** DATA FOR THIS EXERCISE **
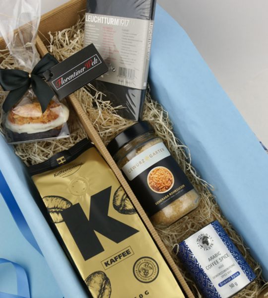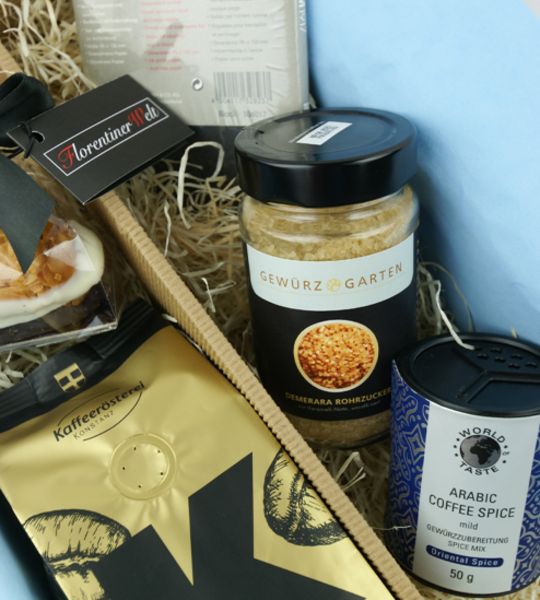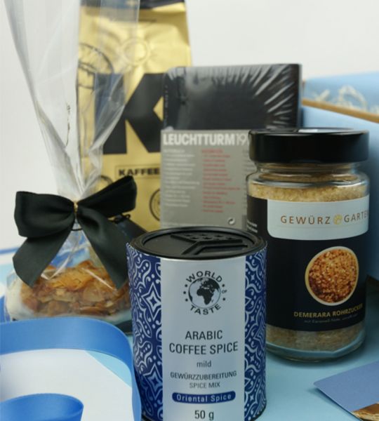 Was brauchen Sie, um in Ruhe nachzudenken? Zeit, etwas Leckeres und einen guten Kaffee? Die Zeit müssen Sie sich nehmen, alles andere ist in diesem Paket. Die einzigartigen handgemachten Mini-Florentiner liefern den Treibstoff für die grauen Zellen, der Bio-Espresso sorgt für Schwung und der original Reporterblock ist perfekt, um Ihre Gedanken festzuhalten. Für das Quäntchen Luxus haben wir noch das arabische Kaffeegewürz und den Demarara-Rohrzucker beigelegt.
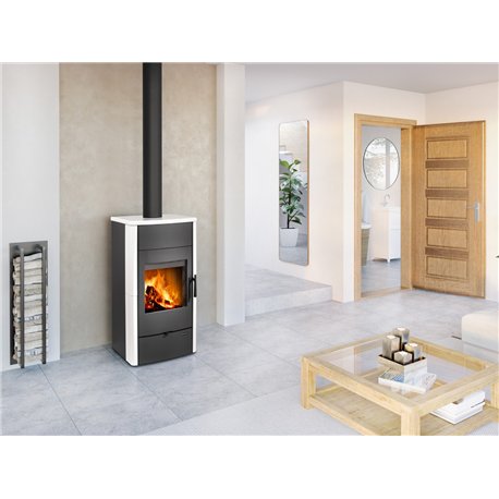 Teplovodní krbová kamna jsou vhodná pro nízkoenergetické domy díky dvěma sklům ve dveřích kamen. Účinný teplovodní výměník o objemu 28l dokáže přenést do vody 70% energie a 30% do vzduchu. Inovativní systém vedení spalin DOUBLE SPIN zvyšuje účinnost kamen. Kamna disponují systémem CPV – centrální přívod externího vzduchu. Ve standardu je možné zapojení horního odvodu spalin. Díky sekundárnímu přívodu vzduchu je sklo dvířek omýváno, a tak nedochází k usazování nečistot. Spalovací komora je vyložena šamotovými tvarovkami. Regulaci primárního a sekundárního přívodu vzduchu lze řídit jediným ovládacím prvkem. Ve spodní části kamen je uzavíratelný dřevník, který umožnuje uskladnění menší zásoby dřeva nebo krbového nářadí. Kamna jsou vybavena vychlazovací smyčkou proti přetopení výměníku.
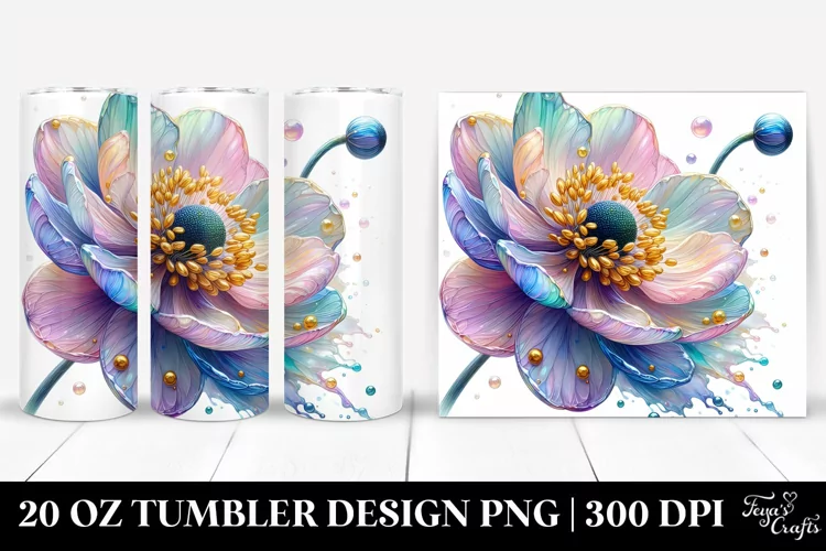 Glossy Clipart Detailed Anemone Vibrant Png Transparent Pastel Sublimation Tumbler
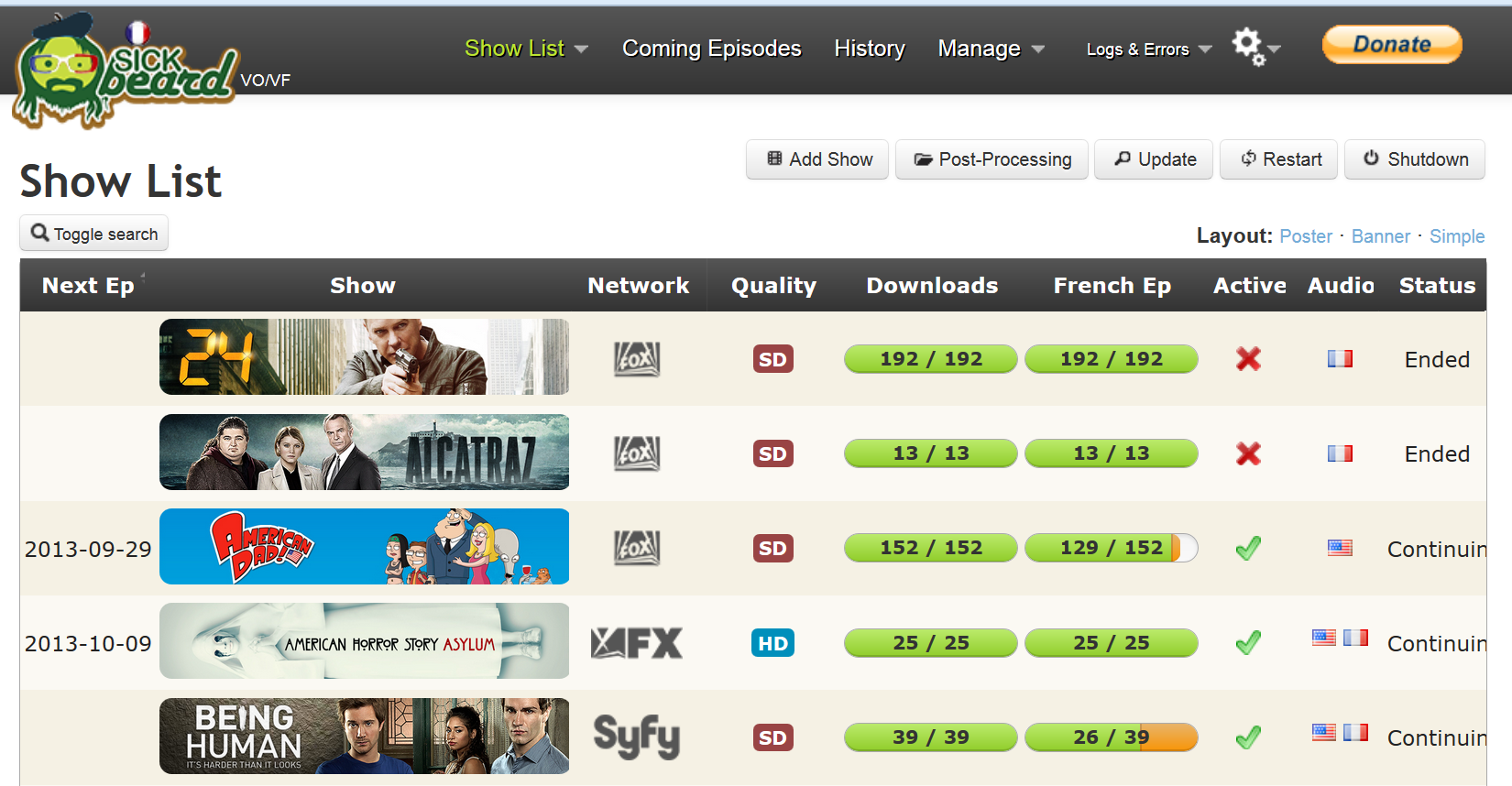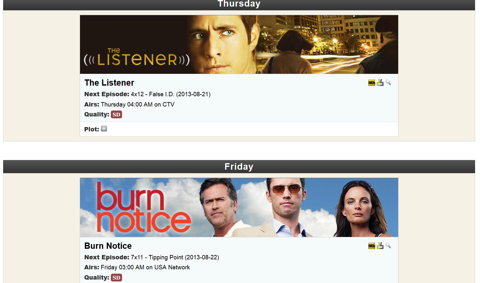 Sick Beard is a PVR for newsgroup users (with limited torrent support). It watches for new episodes of your favorite shows and when they are posted it downloads them, sorts and renames them, and optionally generates metadata for them. It currently supports NZBs.org, NZBMatrix, Bin-Req, NZBs'R'Us, EZTV.it, and any Newznab installation and retrieves show information from theTVDB.com and TVRage.com.
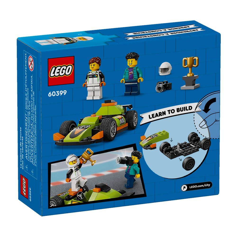 O Carro de Corrida Verde LEGO® City (60399) abre as portas para um mundo de brincadeiras criativas para crianças a partir de 4 anos. Prepare-se para torcer pelo seu pequeno piloto e abraçar a magia da brincadeira junto com este brinquedo de carro de corrida LEGO, com pneus esportivos e um spoiler traseiro incrível. Este conjunto também inclui minifiguras de fotógrafo e piloto de corrida, além de um troféu de vencedor para contar histórias imaginativas.
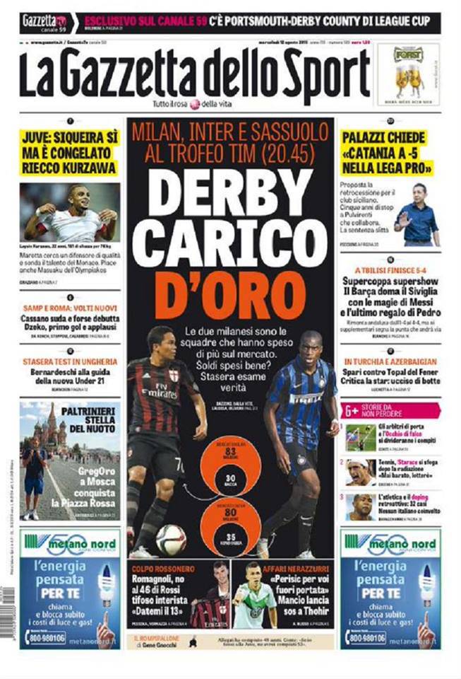 Rassegna Stampa: Gazzetta dello Sport – Derby carico d’oro 12/08/2015 di S. Dibenedetto Milan, Inter e Sassuolo si sfidano nel Trofeo Tim, in onda questa sera su canale 5. Juve, Siqueira sì ma è congelato. Riescco Kurzawa. Palazzi chiede: “Catania a -5 nella Lega Pro”. Stella Dibenedetto – www.calciomercatonews.com

** YOUR ASSIGNMENT **
While skipping the pictures, transcribe the data above from the line showing "Teplovodní krbová kamna" through the line showing "Glossy Clipart Detailed", exactly and with both ends.

** RESULT OF THIS EXERCISE **
 Teplovodní krbová kamna jsou vhodná pro nízkoenergetické domy díky dvěma sklům ve dveřích kamen. Účinný teplovodní výměník o objemu 28l dokáže přenést do vody 70% energie a 30% do vzduchu. Inovativní systém vedení spalin DOUBLE SPIN zvyšuje účinnost kamen. Kamna disponují systémem CPV – centrální přívod externího vzduchu. Ve standardu je možné zapojení horního odvodu spalin. Díky sekundárnímu přívodu vzduchu je sklo dvířek omýváno, a tak nedochází k usazování nečistot. Spalovací komora je vyložena šamotovými tvarovkami. Regulaci primárního a sekundárního přívodu vzduchu lze řídit jediným ovládacím prvkem. Ve spodní části kamen je uzavíratelný dřevník, který umožnuje uskladnění menší zásoby dřeva nebo krbového nářadí. Kamna jsou vybavena vychlazovací smyčkou proti přetopení výměníku.
 Glossy Clipart Detailed Anemone Vibrant Png Transparent Pastel Sublimation Tumbler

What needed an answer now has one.